Tutti abbiamo simpatie ed antipatie, e forse proprio in questo momento siamo arrabbiati con qualcuno. Diciamo almeno al Signore: “Signore, sono arrabbiato con questo, con quella. Ti prego per lui e per lei”. Pregare per la persona con cui siamo irritati è un bel passo verso l’amore, ed è un atto di evangelizzazione. Facciamolo oggi!
È un dovere di ogni responsabile pregare per ciascuno dei membri del suo gruppo, tenerli nella mente e nel cuore davanti a Dio, conoscere i loro pregi e supplicare Dio che li conservi, i loro inganni sperando sempre nella grande misericordia di Dio.

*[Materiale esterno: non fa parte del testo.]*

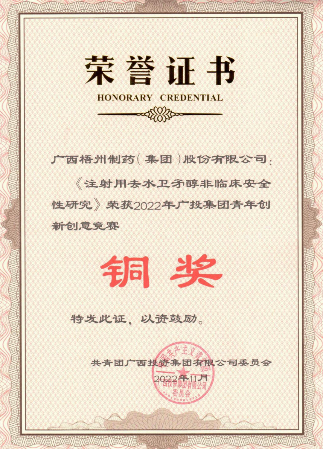 近日,由梧州制药质量保证部组成的梧州制药代表队——“质量卫士”队,凭借项目《注射用去水卫矛醇非临床安全性研究》获得2022年广投集团青年创新创意竞赛铜奖的表彰。本次竞赛共有16个项目最终入围决赛,通过视频会议的
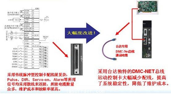 ⑴ 配線簡單,獨特的台達DMC-NET, 大大減少控製端配線,減少了係統的可靠性,降低了維護成本,如圖4。
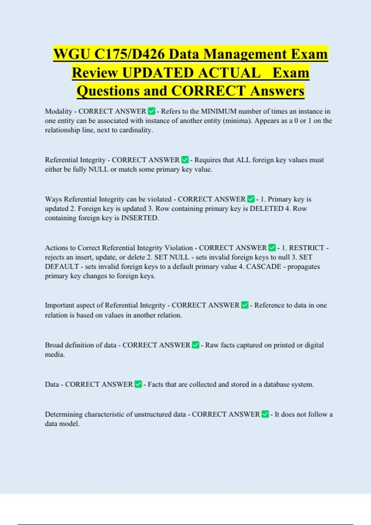 WGU C175/D426 Data Management Exam Review UPDATED ACTUAL Exam Questions and CORRECT Answers Modality - CORRECT ANSWER - Refers to the MINIMUM number of times an instance in one entity can be associated with instance of another entity (minima). Appears as a 0 or 1 on the relationship line, next to cardinality. Referential Integrity - CORRECT ANSWER - Requires that ALL foreign key values must either be fully NULL or match some primary key value.
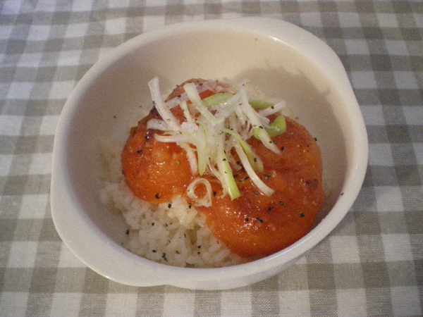 先鍋用橄欖油熱、放入番茄。用弱火、烤5~10分。上飯放烤的番茄、加入塩・胡椒・橄欖油。就完成了
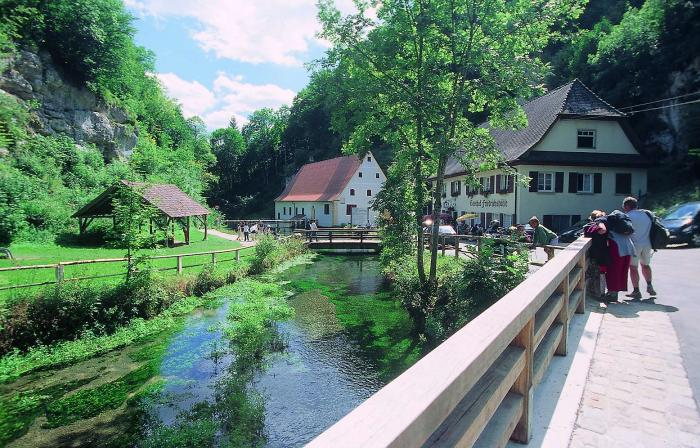 Im malerischen Hof der ehemaligen Klosteranlage Offenhausen entspringt die Große Lauter in einem eingefassten Karstquelltopf. Sie windet sich in Ihrem natürlichen Flussbett auf über 40 km Länge entlang von Wacholderheiden, Höhlen, Wäldern, Felsen, malerischen Dörfern und Burgruinen bis hin zu ihrer Mündung in die Donau.
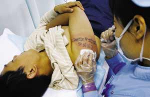 半年前張曉光應(yīng)聘到本市一家大型國企上班,成為一名標(biāo)準(zhǔn)白領(lǐng)。張曉光說,分手的傷痛可以慢慢平撫,但身上的文身卻讓他始終無法真正解脫。公司經(jīng)常組織員工泡溫泉、踢足球等活動,張曉光總是找借口推脫,他害怕自己的文身會在這個(gè)嚴(yán)謹(jǐn)?shù)膰笕莵矸亲h,和同事出差都小心翼翼,擔(dān)心暴露。夏季即將到來,公司規(guī)定員工必須著統(tǒng)一的短袖襯衫,這讓張曉光徹底下了要洗去文身的決定。此外,張曉光說自己是個(gè)誠實(shí)的人,如果將來有女朋友問起文身,自己肯定會如實(shí)相告。與其到時(shí)候影響感情,倒不如趁早抹去這些痕跡,給自己一個(gè)沒有負(fù)擔(dān)的未來。
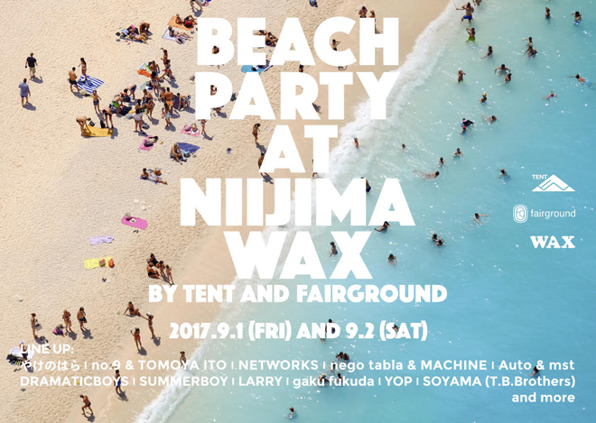 ビーチパーティ<TENT x Fairground @ 新島WAX>開催
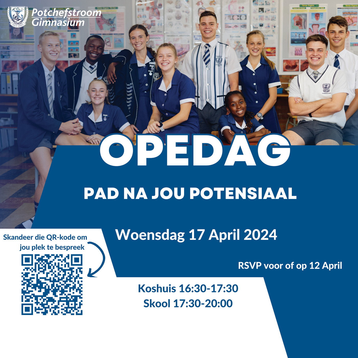 Pulane Nel Sekepe gesels met Mnr. Willie van der Merwe die skoolhoof, Lana Burger die hoofdogter en Hugo Muller van die Matriekraad oor alles wat Potchefstroom Gimnasium leerders kan bied. Hulle opedag is 17 April 2024. Skandeer die kode op die prentjie om jou plek te bevestug.
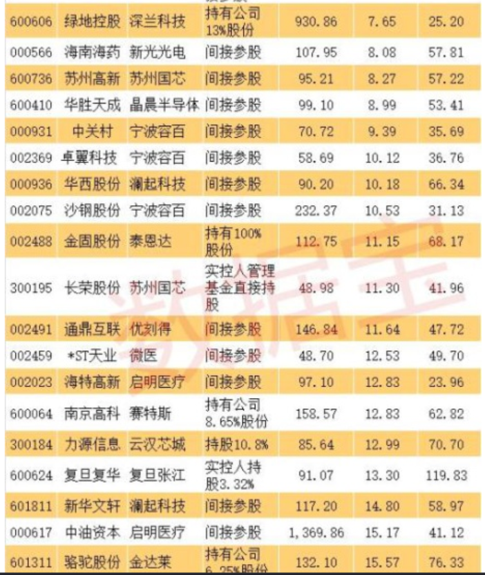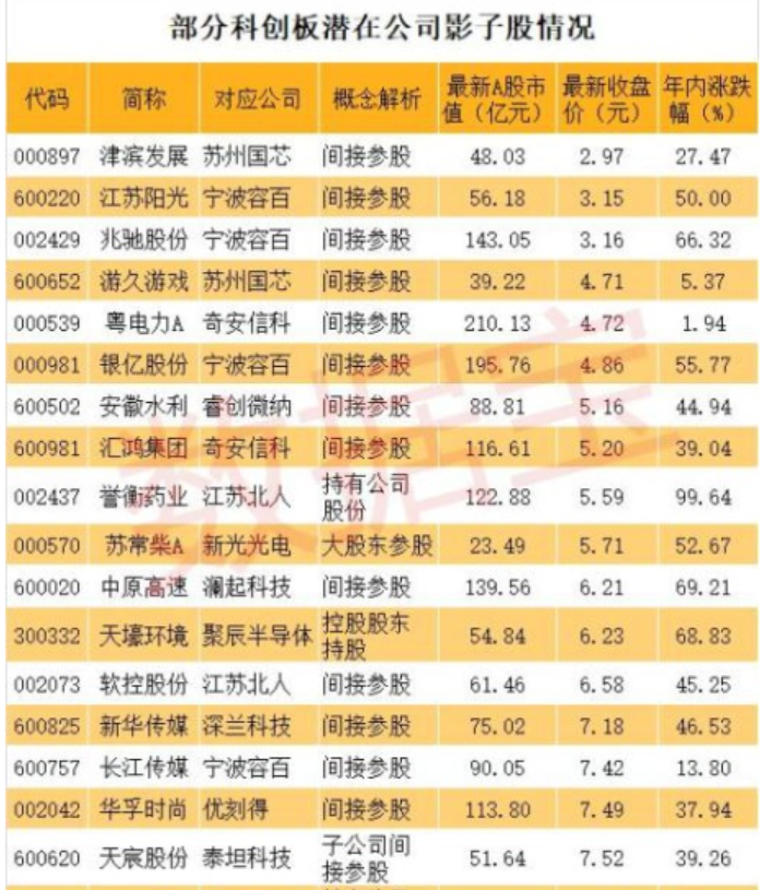 科创板影子股:首批创业板潜在公司背后有超过50只影子股,而这些影子股大多是间接持股。从持股比例来看,最大的是金固股份,持有泰恩达100%股权。其他影子股持股比例较大的还有,通化东宝持有33.94%特宝生物、上海医药持有26%复旦张江、三六零持有22.59%奇安信科、张江高科间接持有10.78%上海微电子、绿地控股持有13%深兰科技、力源信息持有10.8%云汉芯城、科大国创持有10.15%誉存科技、南京高科持有8.65%赛特斯、骆驼股份持有6.25%金达莱等。
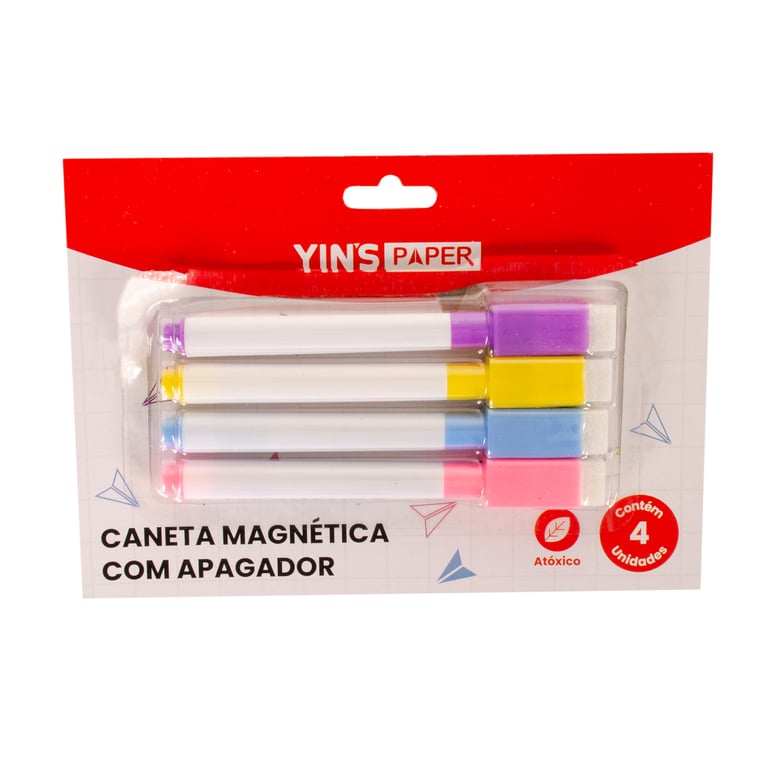 CANETA PARA QUADRO BRANCO COM APAGADOR 4 CORES MAGNÉTICA

Secondo comandamento dell’educatore:
Non lasciamoci rubare l’ideale dell’amore fraterno

Terza tentazione: il pessimismo sterile
Pessimismo è ritenere il nostro compito di responsabili un dovere che deve sempre avere successo, una attività sempre gratificante, una sorta di pensione goduta dopo tanti sacrifici… è la nostra sconfitta più immediata.
È pessimismo pensare di non avere fragilità che di fronte a tutti i membri ci umiliano e ci creano scoraggiamento, È non avere fiducia in noi stessi e continuare a farci del male per ogni contrarietà, darci per vinti ad ogni insuccesso; Pessimismo è avere paura della croce, che dobbiamo portare con una tenerezza combattiva; pessimismo è trovare necessario strappare e separare prima del tempo il grano dalla zizzania nell’impeto dell’entusiasmo o in una visione lucida della realtà. È coltivare il senso di sconfitta, che ci trasforma in pessimisti scontenti e disincantati dalla faccia scura.
È evidente che in alcuni luoghi si è prodotta una “desertificazione” spirituale, frutto del progetto di società che vogliono costruirsi senza Dio o che distruggono le loro radici cristiane. Lì « il mondo cristiano sta diventando sterile, e si esaurisce, come una terra supersfruttata che si trasforma in sabbia ». In altri Paesi, la resistenza violenta al cristianesimo obbliga i cristiani a vivere la loro fede quasi di nascosto nel Paese che amano. Questa è un’altra forma molto dolorosa di deserto. Anche la propria famiglia o il proprio luogo di lavoro possono essere quell’ambiente arido dove si deve conservare la fede e cercare di irradiarla. Ma « è proprio a partire dall’esperienza di questo deserto, da questo vuoto, che possiamo nuovamente scoprire la gioia di credere, la sua importanza vitale per noi, uomini e donne. Nel deserto si torna a scoprire il valore di ciò che è essenziale per vivere; così nel mondo contemporaneo sono innumerevoli i segni, spesso manifestati in forma implicita o negativa, della sete di Dio, del senso ultimo della vita. E nel deserto c’è bisogno soprattutto di persone di fede che, con la loro stessa vita, indichino la via verso la Terra promessa e così tengono viva la speranza ». In ogni caso, in quelle circostanze siamo chiamati ad essere persone-anfore per dare da bere agli altri. A volte l’anfora si trasforma in una pesante croce, ma è proprio sulla Croce dove, trafitto, il Signore si è consegnato a noi come fonte di acqua viva, quando gli fu squarciato il petto..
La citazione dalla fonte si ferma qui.